Keith.

EXECUTIVE PROFILE Keith Krach: Chairman/CEO, DocuSign

April 11, 2014
San Francisco Business Times

HQ: San Francisco

Background: Krach was GM’s youngest-ever vice president at the age of 26. Later joined the founding team of Rasna Corp., becoming COO, before a $500 million sale. He co-founded Ariba in 1996 and was chairman and CEO until 2001.

First job: Working in my dad’s steel fabrication shop in Rocky River, Ohio. Maximum employment was five people.

Education: B.S., industrial engineering, Purdue University; M.B.A., Harvard University, paid for by GM.

Residence: San Francisco.

Business strategy

How’s business: This huge category has been created called digital transaction management. If you think about all these organizations large and small, they’re all going through a digital transformation, and DocuSign is really ending up to be the catalyst.

Biggest challenge for your business: To continue to scale the business in this hyper-growth area. All these verticals: real estate, financial services, insurance, healthcare, they are all going through big digital transformations. Procurement, sales operations, legal. It literally can be used in any department. That’s why we just raised $85 million.

What’s going to change at your company in the next year: Virtually everything. There will be major international expansion.

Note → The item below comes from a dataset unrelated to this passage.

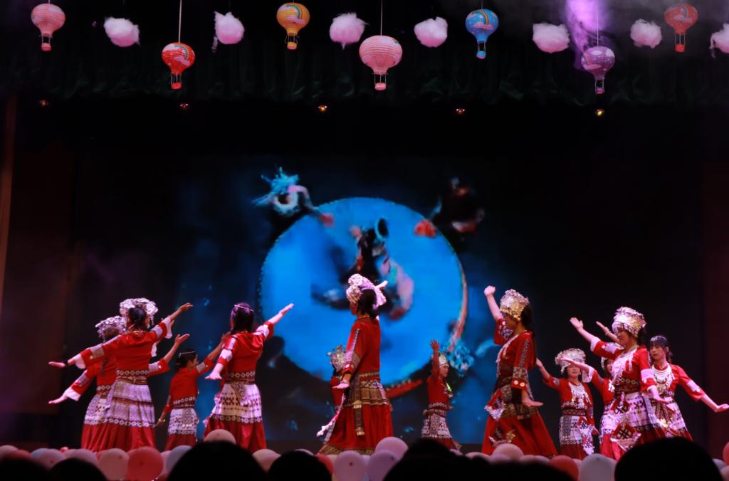 紧接着,晚会精彩的节目正式开始演绎。2022级英语3班带来的苗族舞《太阳鼓》别有一番风味。

Company goal yet to be achieved: To be a great, long-term, sustaining company for many, many years to come. And to be this catalyst for change in the way business is done. Our enemy is paper. This is an opportunity that comes along once in a lifetime, maybe twice if you’re lucky. We really believe it’s a noble cause. We’re not curing cancer, but we’re helping people cure cancer.

Management philosophy

Guiding principles for good management: Always challenge the status quo. Also hire the absolute best people. And don’t just delegate the responsibility, but also the authority that goes with it.

Best way to keep competitive edge: Always be paranoid about the competition. The other thing is to quantify. Having that scoreboard: What’s the ROI we’re able to achieve for our customers.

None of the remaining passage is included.